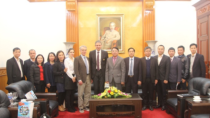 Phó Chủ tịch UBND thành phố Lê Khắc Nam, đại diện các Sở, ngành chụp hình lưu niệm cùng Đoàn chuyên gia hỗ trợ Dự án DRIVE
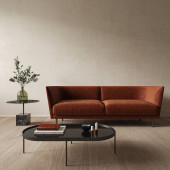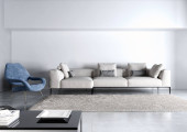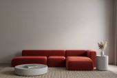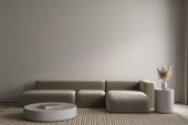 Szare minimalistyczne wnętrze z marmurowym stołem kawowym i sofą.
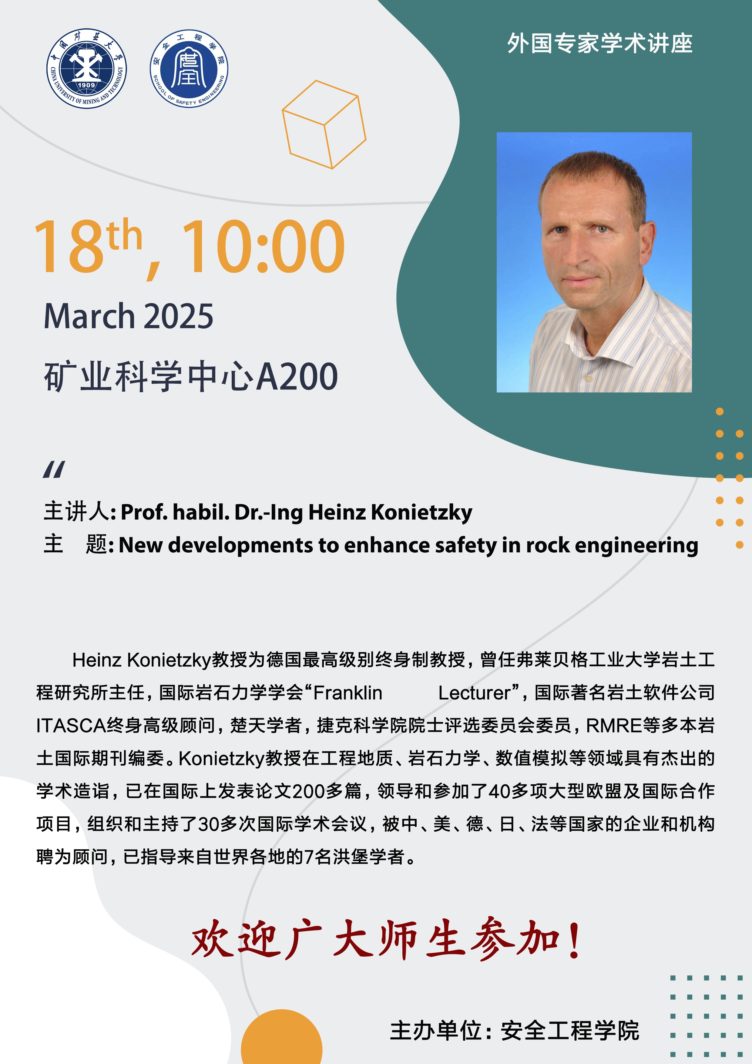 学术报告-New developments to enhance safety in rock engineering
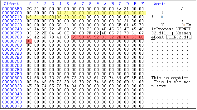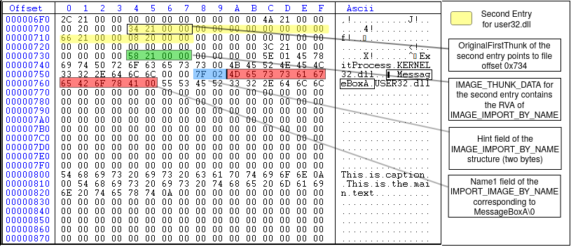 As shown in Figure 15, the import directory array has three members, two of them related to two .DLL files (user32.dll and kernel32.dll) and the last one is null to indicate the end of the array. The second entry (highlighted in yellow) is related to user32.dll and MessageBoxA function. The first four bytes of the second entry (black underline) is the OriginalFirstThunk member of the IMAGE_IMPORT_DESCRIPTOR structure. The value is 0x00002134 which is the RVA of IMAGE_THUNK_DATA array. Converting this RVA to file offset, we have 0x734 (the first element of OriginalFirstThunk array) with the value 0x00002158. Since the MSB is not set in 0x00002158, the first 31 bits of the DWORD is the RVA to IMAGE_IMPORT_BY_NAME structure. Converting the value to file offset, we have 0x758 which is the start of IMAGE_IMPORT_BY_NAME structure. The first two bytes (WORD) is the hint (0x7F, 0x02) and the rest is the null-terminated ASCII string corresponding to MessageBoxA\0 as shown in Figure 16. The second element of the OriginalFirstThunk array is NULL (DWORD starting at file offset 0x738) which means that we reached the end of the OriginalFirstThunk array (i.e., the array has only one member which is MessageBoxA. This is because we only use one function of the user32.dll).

________________________________________

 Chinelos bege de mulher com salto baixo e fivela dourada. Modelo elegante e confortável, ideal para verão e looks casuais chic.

________________________________________

Above are some entries; copy exactly the lines from the line with "Szare minimalistyczne wnętrze" through the line with "学术报告-New developments to", both included, but none of the pictures.

**Written answer**
 Szare minimalistyczne wnętrze z marmurowym stołem kawowym i sofą.
 学术报告-New developments to enhance safety in rock engineering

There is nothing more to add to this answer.